- _WORK INSTRUCTIONS_
From the line with "图:乐鑫科技产品矩阵 图:泰凌微自愿披露端侧AI新品推广 |" to the final line of the data below, please write out every line exactly, with no pictures.

(Beginning of EXERCISE MATERIALS)

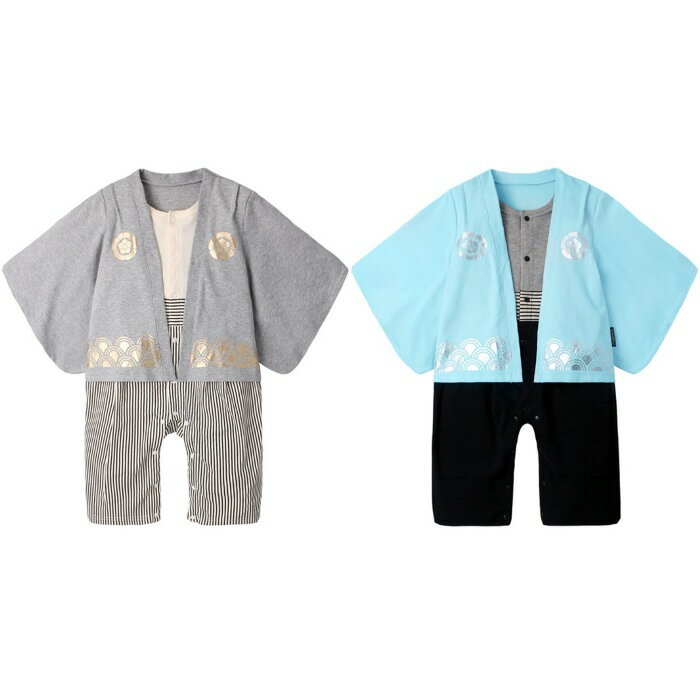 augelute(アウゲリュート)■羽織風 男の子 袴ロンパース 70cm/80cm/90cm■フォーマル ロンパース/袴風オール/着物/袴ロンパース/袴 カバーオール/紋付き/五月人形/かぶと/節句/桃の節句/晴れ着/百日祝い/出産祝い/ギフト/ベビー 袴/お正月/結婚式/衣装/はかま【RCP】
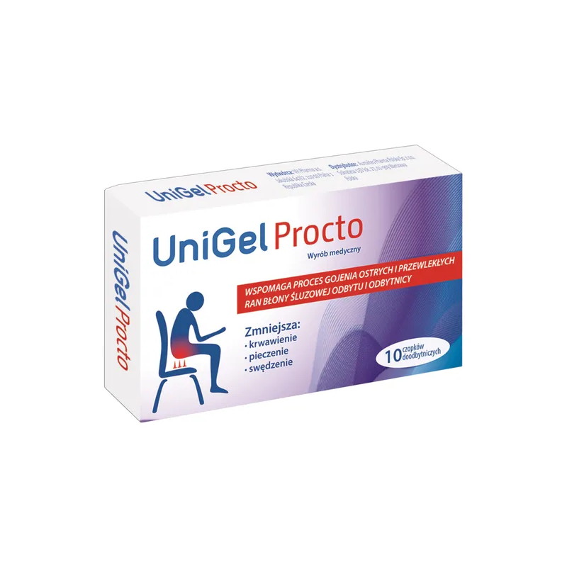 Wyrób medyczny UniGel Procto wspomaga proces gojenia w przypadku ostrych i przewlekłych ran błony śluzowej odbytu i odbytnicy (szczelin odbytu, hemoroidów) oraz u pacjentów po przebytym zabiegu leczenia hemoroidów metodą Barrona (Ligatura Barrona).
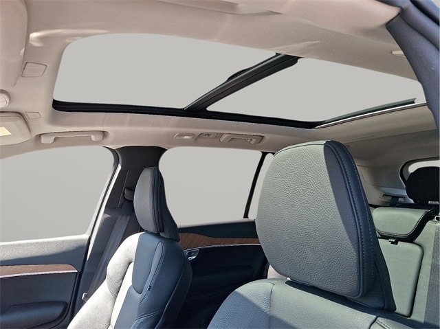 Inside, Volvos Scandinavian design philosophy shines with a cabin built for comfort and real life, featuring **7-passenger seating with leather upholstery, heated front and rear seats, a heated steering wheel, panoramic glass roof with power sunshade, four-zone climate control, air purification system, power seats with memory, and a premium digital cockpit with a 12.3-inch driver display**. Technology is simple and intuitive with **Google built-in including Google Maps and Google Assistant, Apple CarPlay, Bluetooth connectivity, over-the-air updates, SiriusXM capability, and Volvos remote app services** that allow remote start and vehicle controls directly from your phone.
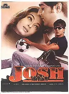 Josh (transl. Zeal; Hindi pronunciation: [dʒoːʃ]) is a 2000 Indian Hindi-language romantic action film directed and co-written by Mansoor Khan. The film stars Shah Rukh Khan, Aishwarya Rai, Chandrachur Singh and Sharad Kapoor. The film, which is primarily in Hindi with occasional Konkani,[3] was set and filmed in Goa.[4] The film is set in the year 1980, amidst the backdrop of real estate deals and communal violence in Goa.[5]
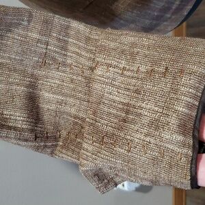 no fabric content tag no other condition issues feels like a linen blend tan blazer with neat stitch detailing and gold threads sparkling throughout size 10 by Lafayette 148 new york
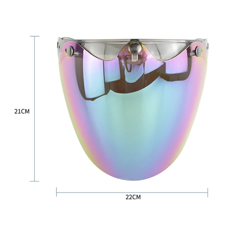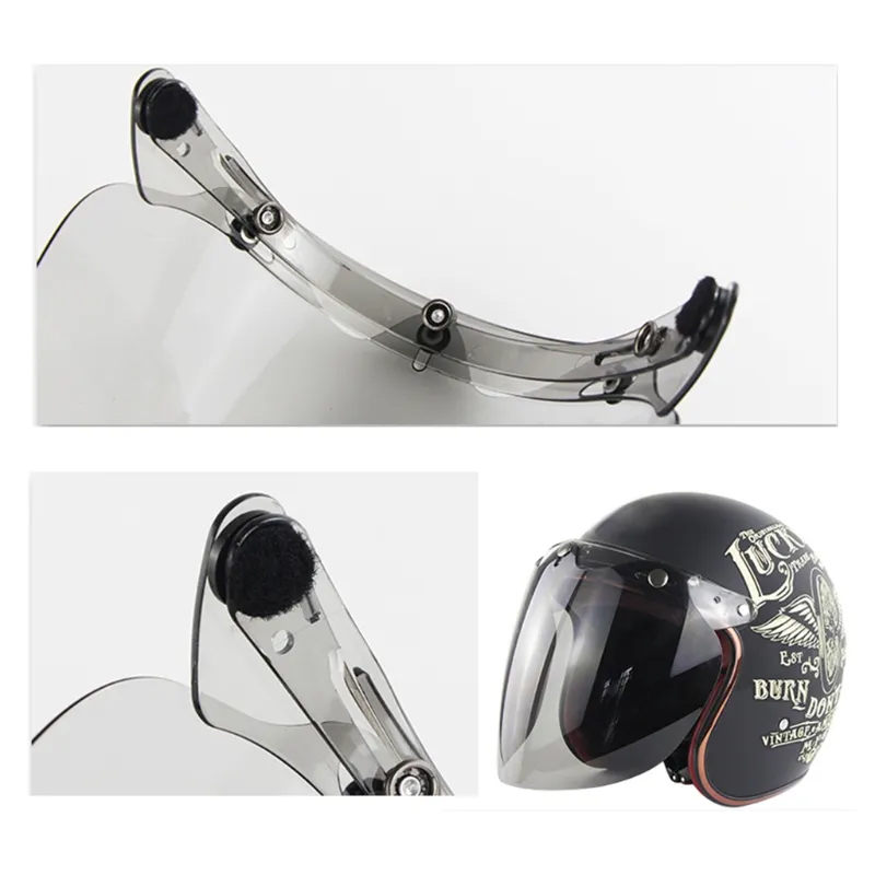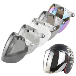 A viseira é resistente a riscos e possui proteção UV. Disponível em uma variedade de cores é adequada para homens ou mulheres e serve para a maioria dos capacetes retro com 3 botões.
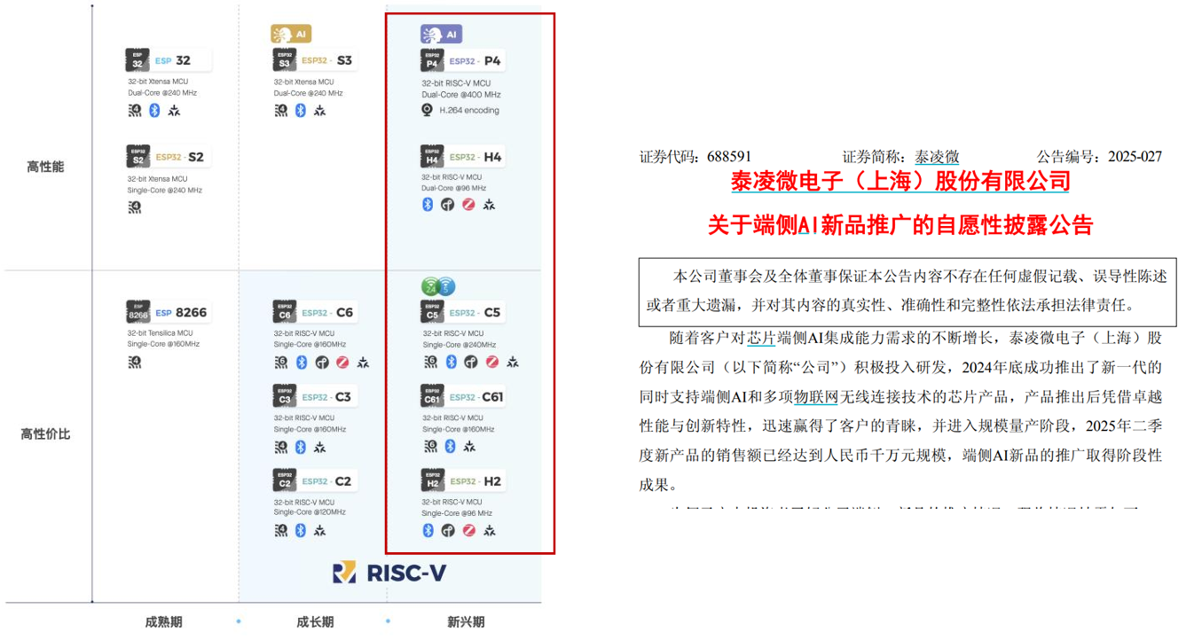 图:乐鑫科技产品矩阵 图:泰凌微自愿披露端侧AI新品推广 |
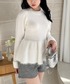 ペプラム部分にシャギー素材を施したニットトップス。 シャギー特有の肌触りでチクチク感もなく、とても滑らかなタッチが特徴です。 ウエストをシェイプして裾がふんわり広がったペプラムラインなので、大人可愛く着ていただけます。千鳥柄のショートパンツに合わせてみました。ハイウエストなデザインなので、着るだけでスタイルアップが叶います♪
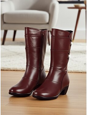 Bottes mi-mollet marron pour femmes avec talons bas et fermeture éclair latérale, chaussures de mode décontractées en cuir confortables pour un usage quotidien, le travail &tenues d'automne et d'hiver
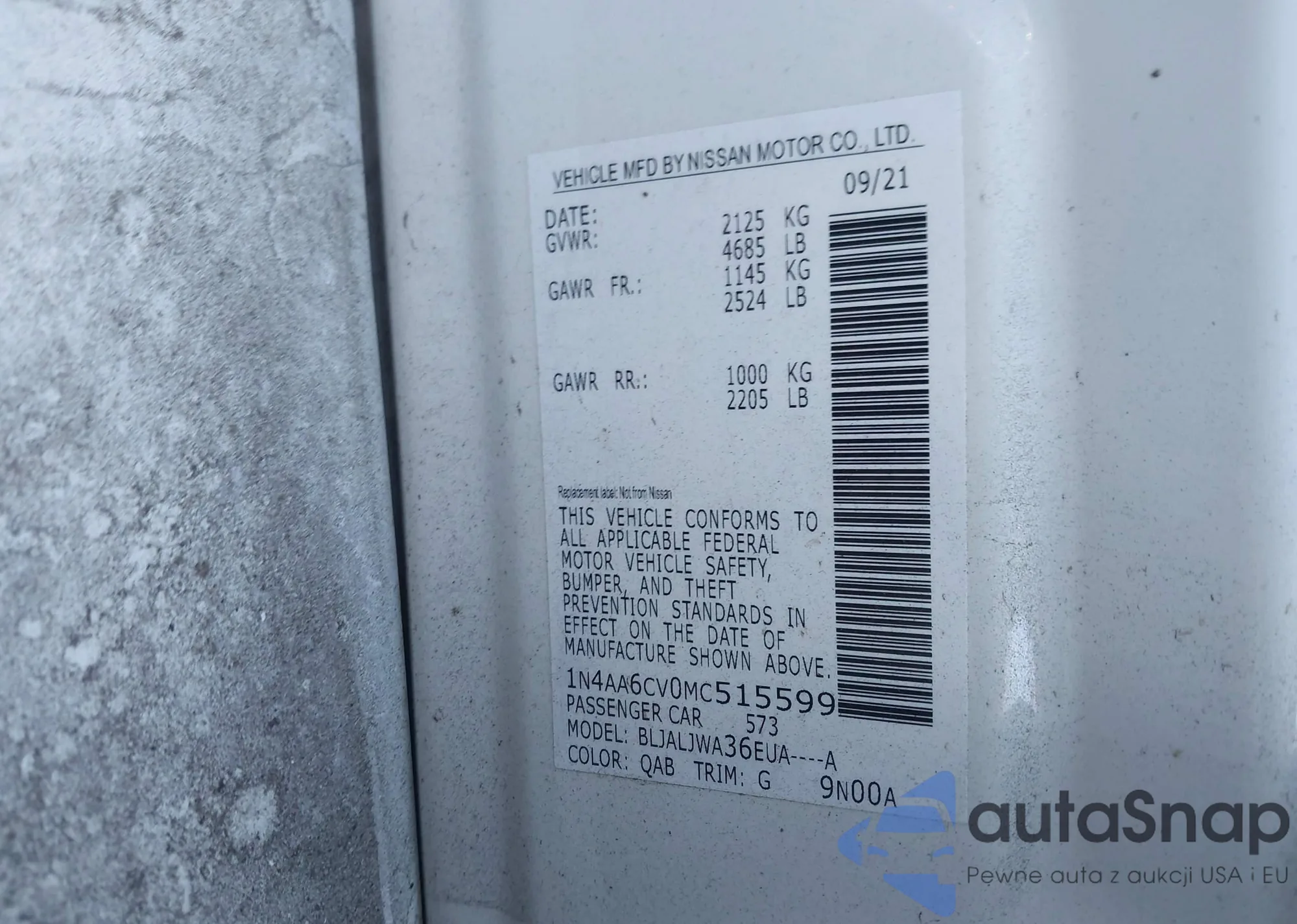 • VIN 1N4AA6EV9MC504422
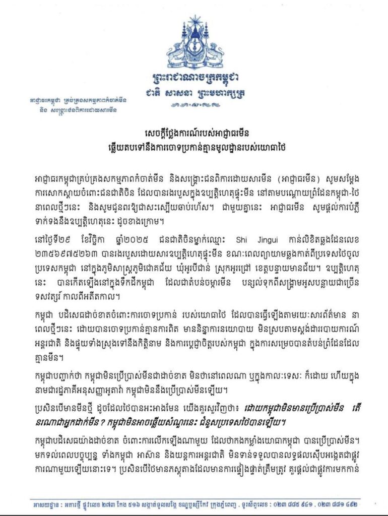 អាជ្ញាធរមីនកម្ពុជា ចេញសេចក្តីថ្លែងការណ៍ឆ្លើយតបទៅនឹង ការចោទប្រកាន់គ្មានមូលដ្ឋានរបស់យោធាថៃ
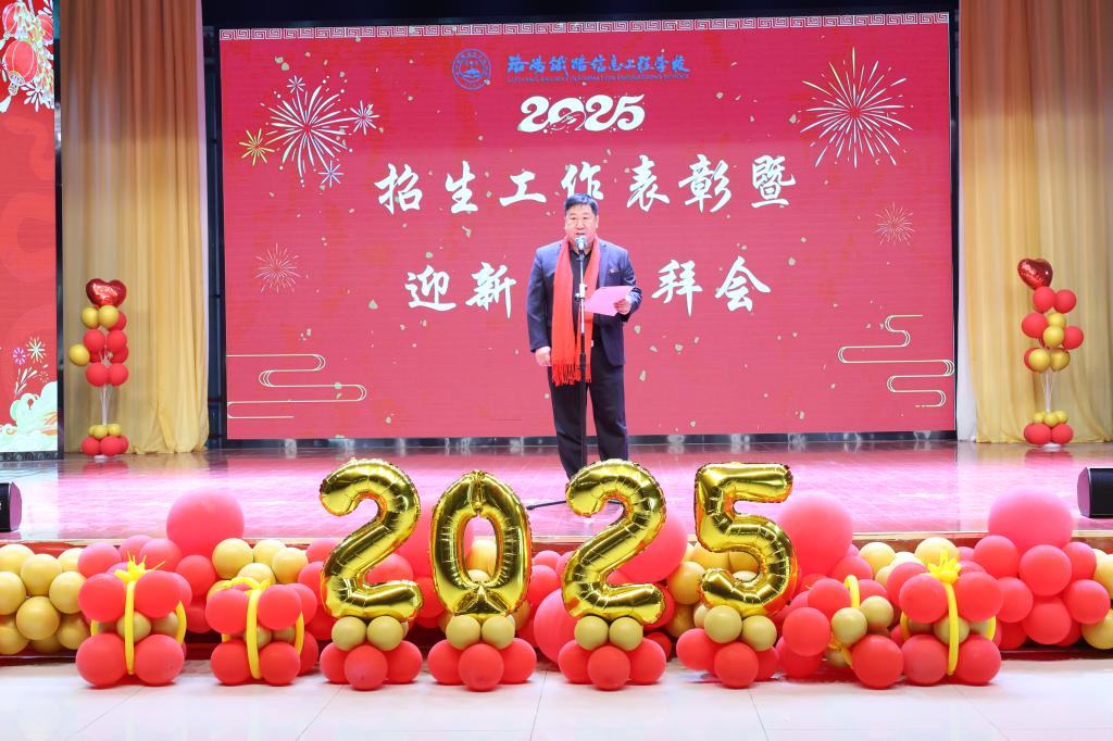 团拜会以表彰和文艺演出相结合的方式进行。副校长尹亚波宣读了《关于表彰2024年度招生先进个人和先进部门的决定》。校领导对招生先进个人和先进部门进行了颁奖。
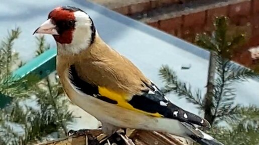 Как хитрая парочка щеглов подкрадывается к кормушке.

(End of EXERCISE MATERIALS)

- _THE COMPLETED TASK_
 图:乐鑫科技产品矩阵 图:泰凌微自愿披露端侧AI新品推广 |
 ペプラム部分にシャギー素材を施したニットトップス。 シャギー特有の肌触りでチクチク感もなく、とても滑らかなタッチが特徴です。 ウエストをシェイプして裾がふんわり広がったペプラムラインなので、大人可愛く着ていただけます。千鳥柄のショートパンツに合わせてみました。ハイウエストなデザインなので、着るだけでスタイルアップが叶います♪
 Bottes mi-mollet marron pour femmes avec talons bas et fermeture éclair latérale, chaussures de mode décontractées en cuir confortables pour un usage quotidien, le travail &tenues d'automne et d'hiver
 • VIN 1N4AA6EV9MC504422
 អាជ្ញាធរមីនកម្ពុជា ចេញសេចក្តីថ្លែងការណ៍ឆ្លើយតបទៅនឹង ការចោទប្រកាន់គ្មានមូលដ្ឋានរបស់យោធាថៃ
 团拜会以表彰和文艺演出相结合的方式进行。副校长尹亚波宣读了《关于表彰2024年度招生先进个人和先进部门的决定》。校领导对招生先进个人和先进部门进行了颁奖。
 Как хитрая парочка щеглов подкрадывается к кормушке.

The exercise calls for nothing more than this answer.